You can not enjoy wealth, if you don’t have good health.
A data structure is nothing but a way of storing data. When you write your own class, you create a data structure for your own needs where each member variable of the class is your data, and the way you organize them makes your class a data structure. There are some common data structures used frequently for various applications and hence it becomes important to study them well. This is also a reason why coding interviews focus so much on them. Data structures are the core of your application because they control how efficient your application is. Making a bad choice there is very costly and hence we will see appropriate usage of each data structure with one common theme across the post. Each data structure has its own merits and demerits. Some data structure does something really fast, but the same data structure performs poorly for some other operation. Wasting no time, let’s take a look.
COVID-19 disturbed the entire world in 2020. Hospital beds are filled with COVID-19 patients.
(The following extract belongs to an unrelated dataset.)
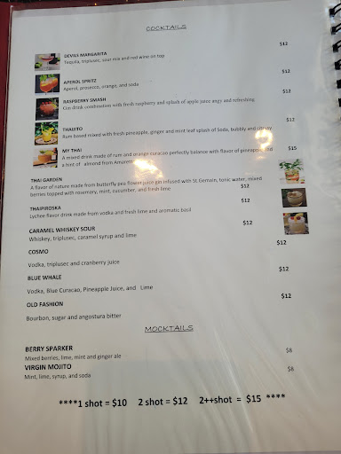 Read moreCame here with my party the weekend before Christmas and it was packed. We didn’t have a reservation and when we walked in we checked in to be seated and the server at the front immediately said no because we didn’t have a reservation. Then he quickly changed his mind and said okay maybe another 15-20 minutes. My husband had to go and ask one of the servers if we could put our name on the waitlist. We proceeded to wait which was totally fine, after about 10 minutes I needed to use the restroom and I went to the server we initially spoke with to ask him where it was. He barely even looked at me and said that the bathroom is for customers and I could use the ones outside and around the corner and he walked away before I could even say that myself and my party was waiting to be seated. So, I asked the other server and she proceeded to try to tell me the same thing he did except I told her that me and my party had been waiting. She finally directed me to the restroom but honestly I was shocked and felt like it was so rude. Once they sat us everything was fine for the most part, the service wasn’t exceptional or anything and we didn’t expect it to be since they were so overwhelmed and seemed to be barely keeping up with a full house. Once we placed our order it took so long for the food to come out. At this point the restaurant wasn’t as packed and yet it was still taking an abnormal amount of time. Our server went to check on the food and said it would be out in a moment. They proceeded to bring out one dish at a time versus the whole table at the same time. Some of my party ordered soup and they brought it out after other dishes when it would have been easy to bring it out before the rest of the meal. Our table ordered two chicken dishes and the lack of chicken in both those dishes was appalling. The dishes were predominantly pepper and onion, so you feel like you’re paying $20 for just stir fried pepper and onion. Someone at my table ordered Tom Kha and most of the bowl was just filled with onion and then three shrimp. Beyond that they have a mandatory 20% gratuity added to the bill for parties that didn’t make a reservation and that are over 5 which feels a little ridiculous. Some of the dishes were too sweet while others were way too salty. Overall did not have a super positive experience here between the service...

Let’s say each bed is in a separate room and there are 100 rooms numbered from 1000 to 1099. Now say, you want to know what room the 4th (assuming zero-based indexing) patient is in. You know that rooms start at 1000, so the 4th person has to be in room no. 1000+4 = 1004. Similarly, the last i.e. 99th person will be in room no. 1000+99=1099. This is the beauty of the array data structure. In a computer science world, the hospital is analogous to memory, room numbers analogous to memory addresses, and patients analogous to the data you store in memory. If you want to access any element based on an index (0th, 1st, 2nd, and so on), it’s very efficient because it’s very quick to find the exact memory address of the element. So this is the first property of an array – constant time access. But say, you want to know where a patient named XYZ is and you don’t know the number, you will have to check each room. Similarly, searching an element in an array is not efficient and it takes linear time i.e. O(n) where n is the total number of elements in the array. Because search based on an index is quick, updating a value at a certain index is also quick. Now we saw that the hospital had rooms from 1000 to 1099. However, what if there are more than 100 patients? The hospital can not accommodate them. In the same way, arrays are fixed length and can’t be extended, so this is one disadvantage with arrays. Other problems with arrays are when inserting and deleting an element. You have to shift all existing elements if you want to insert a new element or remove an existing one.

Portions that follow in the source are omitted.